Task description: The full listing, written out exactly and without images, is the expected result.

____ Material provided

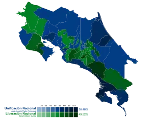 In one of the most hard-fought elections in Costa Rica's history, Trejos won by a small difference of around 2000 votes (one of Costa Rica's slightest differences between two candidates),[3] though PLN kept its parliamentary majority (thus many of Trejos’ reforms did not passed). Far-right Revolutionary Civic Union Party won two seats in Parliament. The results were accepted by all sides and many historians seem this election as the evidence that the dark times of civil unrest and conflict after electoral processes that end in the Civil War were put behind for good.[3]
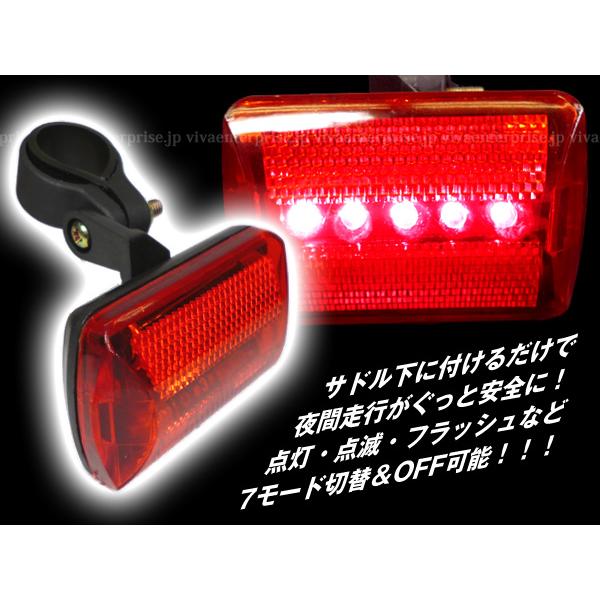 送料無料 訳あり特価! 自転車テールライト(1) リュック・ポケットなどにも装着可能 5LEDリアライト 赤レンズ 点灯点滅7モード レタパ
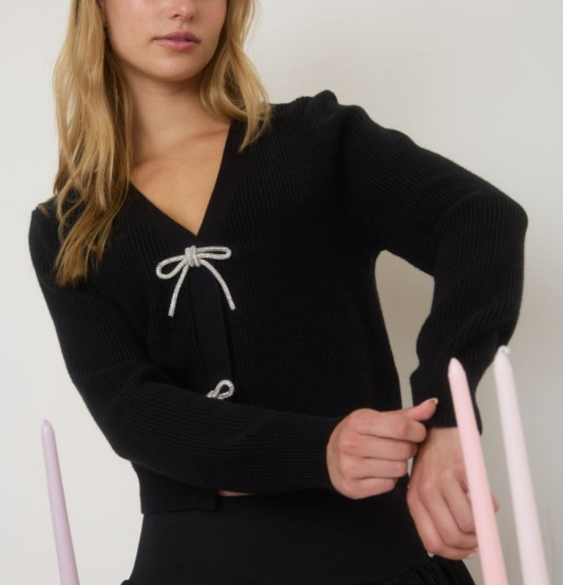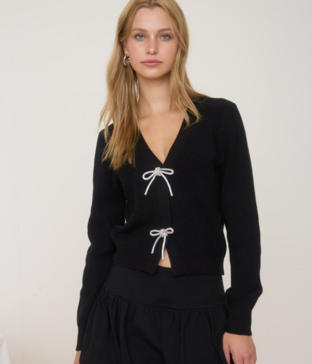 This black rhinestone bow button cardigan is a stylish addition to any outfit. With its chic design and high-quality rhinestones, it adds a touch of elegance to your look. The bow detailing adds a feminine touch while the buttons provide functionality. Stay warm and fashionable with 2065.

________

Response area:
 In one of the most hard-fought elections in Costa Rica's history, Trejos won by a small difference of around 2000 votes (one of Costa Rica's slightest differences between two candidates),[3] though PLN kept its parliamentary majority (thus many of Trejos’ reforms did not passed). Far-right Revolutionary Civic Union Party won two seats in Parliament. The results were accepted by all sides and many historians seem this election as the evidence that the dark times of civil unrest and conflict after electoral processes that end in the Civil War were put behind for good.[3]
 送料無料 訳あり特価! 自転車テールライト(1) リュック・ポケットなどにも装着可能 5LEDリアライト 赤レンズ 点灯点滅7モード レタパ
 This black rhinestone bow button cardigan is a stylish addition to any outfit. With its chic design and high-quality rhinestones, it adds a touch of elegance to your look. The bow detailing adds a feminine touch while the buttons provide functionality. Stay warm and fashionable with 2065.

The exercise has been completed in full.